◆ **Exercise**
Your copy of the data below must be exact and must leave out all pictures.

◆ **Collected data**
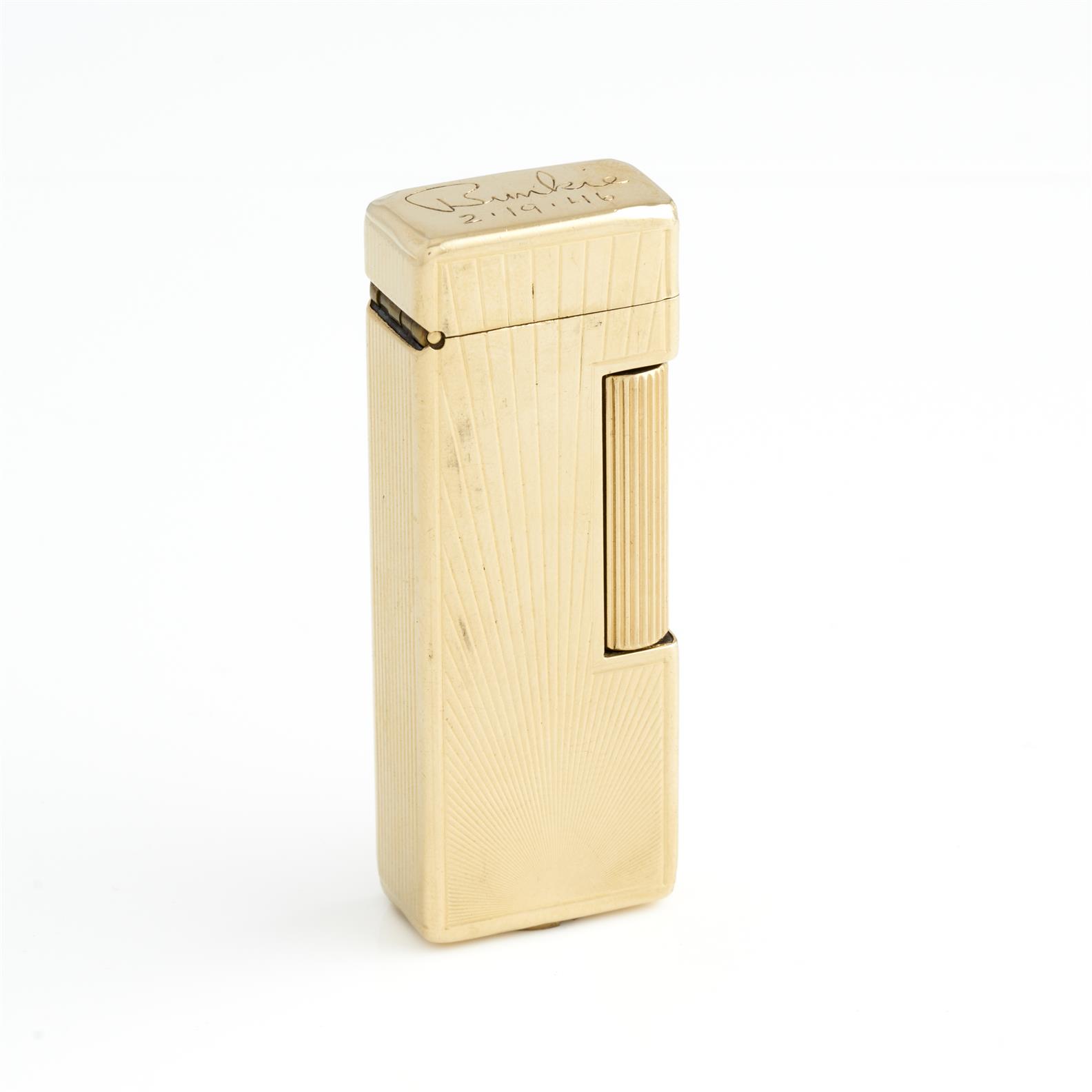 DUNHILL, A VINTAGE LIGHTER TO AN OUTER JACKET IN 18CT GOLD, FEATURING A WOVEN PATTERN
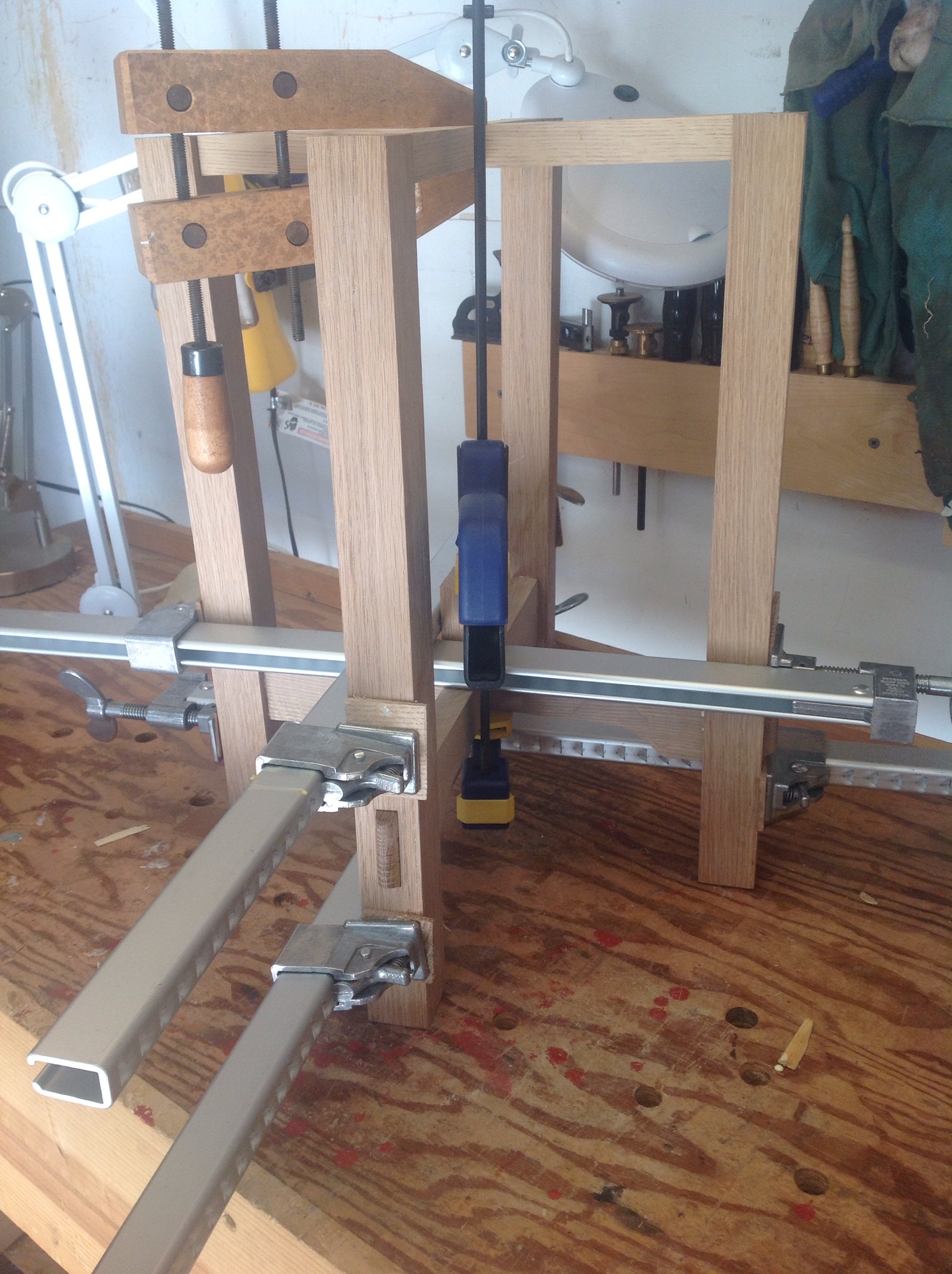 Glue up went without a hitch until I tried to insert one of the lower rails upside down. Fortunately the mistake was obvious and quickly rectified. With the clamps In place there was little do do except begin gluing up boards for the top.
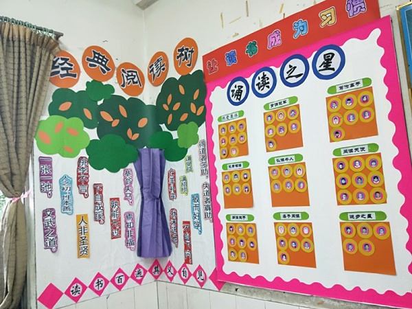 在全體師生們的巧手裝扮下,各班環(huán)境煥然一新,美觀、整潔、溫馨,每一個角落都體現(xiàn)出獨具匠心的文化氣息,每一寸空間都充溢著濃烈的讀書求學(xué)氛圍。班級文化布置豐富多彩,圖文并茂,凸顯個性和美感,充分展現(xiàn)學(xué)生的活動和風(fēng)采。教室的“閱讀天使”、“心愿樹”、“書香小屋”、“故事大王”、“親子共賞”等滿是創(chuàng)意的別致空間,使人耳目一新。每一間教室都體現(xiàn)著創(chuàng)意和特色,每個班級都展示著自己的亮點和別致,真正做到讓“四壁說話”,讓“每一面墻”都成為“無聲的導(dǎo)師”;細微之處無不滲透著師生們的智慧和創(chuàng)造,以及對班級文化的獨特理解。班班有特色,班班皆精彩。
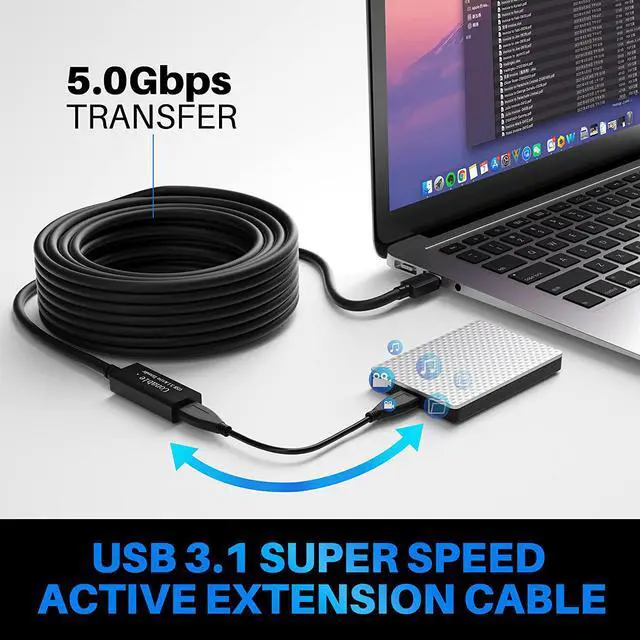 5Gbps Stable Data Transfer: The maximum data transmission speed of this USB active repeater cable is up to 5Gbps, 10X faster than USB 2.0 cable. Our cable has 2 extended chipsets signal booster to ensure uninterrupted signal transmission and stable speed when USB devices are used on this longer cable than other USB extension cable.

◆ **Result of this exercise**
 DUNHILL, A VINTAGE LIGHTER TO AN OUTER JACKET IN 18CT GOLD, FEATURING A WOVEN PATTERN
 Glue up went without a hitch until I tried to insert one of the lower rails upside down. Fortunately the mistake was obvious and quickly rectified. With the clamps In place there was little do do except begin gluing up boards for the top.
 在全體師生們的巧手裝扮下,各班環(huán)境煥然一新,美觀、整潔、溫馨,每一個角落都體現(xiàn)出獨具匠心的文化氣息,每一寸空間都充溢著濃烈的讀書求學(xué)氛圍。班級文化布置豐富多彩,圖文并茂,凸顯個性和美感,充分展現(xiàn)學(xué)生的活動和風(fēng)采。教室的“閱讀天使”、“心愿樹”、“書香小屋”、“故事大王”、“親子共賞”等滿是創(chuàng)意的別致空間,使人耳目一新。每一間教室都體現(xiàn)著創(chuàng)意和特色,每個班級都展示著自己的亮點和別致,真正做到讓“四壁說話”,讓“每一面墻”都成為“無聲的導(dǎo)師”;細微之處無不滲透著師生們的智慧和創(chuàng)造,以及對班級文化的獨特理解。班班有特色,班班皆精彩。
 5Gbps Stable Data Transfer: The maximum data transmission speed of this USB active repeater cable is up to 5Gbps, 10X faster than USB 2.0 cable. Our cable has 2 extended chipsets signal booster to ensure uninterrupted signal transmission and stable speed when USB devices are used on this longer cable than other USB extension cable.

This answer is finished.